German chemical industry confident as growth swells
German chemicals manufacturers expressed confidence Thursday with regard to the outlook for the sector, raising their full-year forecasts for sales and output after a strong performance during the first six months.
Industry federation VCI said that sector-wide output increased by 1.5 percent in the period from January to June.
And manufacturers were able to increase their selling prices as prices rose for oil, an important raw material, and capacity utilisation increased.
The combination of increased output and higher prices enabled VCI members to boost sales by around 5.0 percent to 96.9 billion euros ($111.5 billion) in the January-June period.
Looking to the full year, the federation raised its forecast for output growth to 1.5 percent from 1.0 percent previously.
Revenues were also expected to grow by 5.0 percent to 194 billion euros, the VCI said.
Previously, the federation had been pencilling in full-year growth of 3.5 percent.

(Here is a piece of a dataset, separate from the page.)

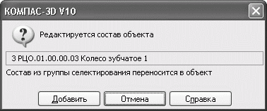 Рис. 4.20. Добавление геометрических объектов в состав объекта спецификации

"We are expecting good business to last at home and abroad," VCI president Kurt Bock said, pointing to stable growth forecasts for producers' most important markets.
Over the first half year, Europe, Asia and the United States saw "significant" increases in sales, Bock said, while a political and economic crisis in Brazil weighed on business in South America.
Companies have scaled up plans to invest in production plants in Germany, increasing spending by 6.7 percent to around 7.5 billion euros.
With around 450,000 employees, the chemicals and pharmaceuticals industry is Germany's third-largest sector, behind car and machine tool makers.
That gives it a strong voice with politicians ahead of September elections.
The VCI's top priority is to reduce energy prices, driven up by Germany's transition to renewables. Members also want tax breaks for research and development and improved transport and internet infrastructure.